I’ve been reading Reinventing Knowledge: from Alexandria to the Internet over the last couple of days. It takes an interesting approach, looking at intellectual history through institutions rather than individuals: The Library, The Monastery, The University, The Republic of Letters, The Disciplines, The Laboratory.
After I mentioned my belief that innovation is (generally) built upon standardization in a blog post about the Guardian Innovation in Education event, some people asked me for examples. I’m happy to say the book provided one in the shape of the medieval monastery:
By no means the only rule for monasteries, nor the oldest, nor the most innovative, [The Benedictine Rule] nevertheless achieved authoritative status on acount of its simple practicality and realistic expectations of the average monk’s capacity for ascetic discipline. Crafted for spiritual use, tested by time and repetition, and propagated by anonymous scribes, it bears a certain resemblance to the Christian scriptures themselves. Adhering to such a text enabled communities of monks to survive and thrive desipte the personal quirks and transient lifespans of individual members. In Benedict’s ideals and their evelopment in practice we see how monastic time played upon cycles of days, weeks, and years, endlessly repeating, to ensure the survival and stability of the monastery and of learning itself. (p.56-7)
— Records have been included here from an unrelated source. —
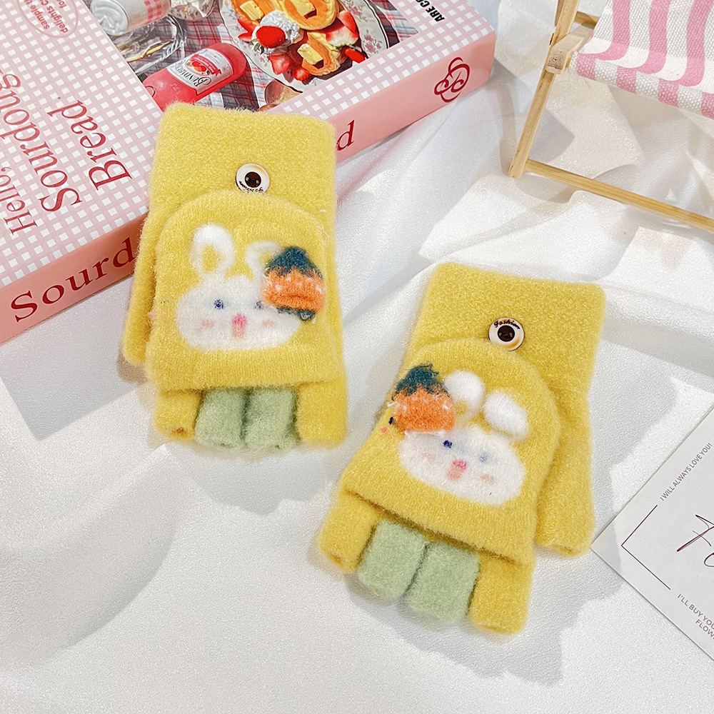 가을 겨울 어린이용 만화 굴착기 프린트 보온 장갑, 귀여운 반손가락 플립형 글쓰기용 방한 모직 장갑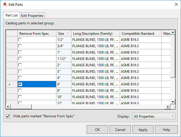 - In the Edit Parts dialog box, click the Edit Properties tab.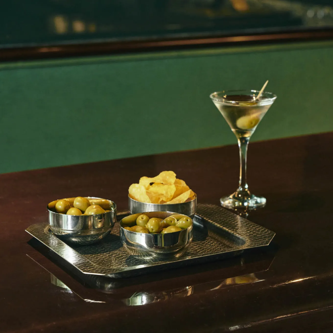 Experience the epitome of sophistication with the Iside bronze tray with four bowls. Crafted as part of the prestigious Iside Collection, this exquisite ensemble features a medium-size tray accompanied by four beautifully designed cups—two with a smooth finish and two with a hammered texture. Each element is meticulously crafted to elevate social gatherings, making every occasion a celebration of style.The tray showcases a captivating burnished finish, providing a refined surface that contrasts elegantly with the cups, which are designed to catch and reflect light in vibrant tones. This set serves not only as a functional piece for serving aperitifs, finger foods, or sauces but also as a statement of artistry and contemporary design.Embrace the art of hosting with a set that pays homage to traditional craftsmanship and innovative design, transforming each service into a unique aesthetic and sensory experience.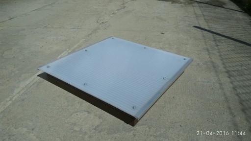Pokryciem wyłazu jest NAJCIEPLEJSZY z możliwych Poliwęglan o gr.10 mm CZTEROKOMOROWY (bezbarwny, mleczny lub przydymiony).

The author continues a couple of pages later:
The genius of the Rule lay in the recognition that monks needed a specific regimen to make this spiritual goal an attainable reality. It was one thing to declare the entirety of one’s life, every moment, was to be devoted to God, another to know precisely what to do during all the minutes that followed sunrise, day after day. (p.59)
We do, of course, have to be careful. As Cathy Davidson points out in her must-read book for educators Now You See It: How the Brain Science of Attention Will Transform the Way We Live, Work, and Learn, your attention has to be on the right thing to start off with. Otherwise, you get what Clayton Christensen calls ‘custodial schooling’ with seat time trumping a focus upon learning gains.
The idea of a platform for innovation, I think, is sound. It doesn’t really matter what the socially-negotiated/accepted base consists of, just so long as there is one to build upon. The best examples I’ve seen are a school where there was a workflow for everything, and my current employers where we have a team-constructed wiki that serves as a knowledge repository.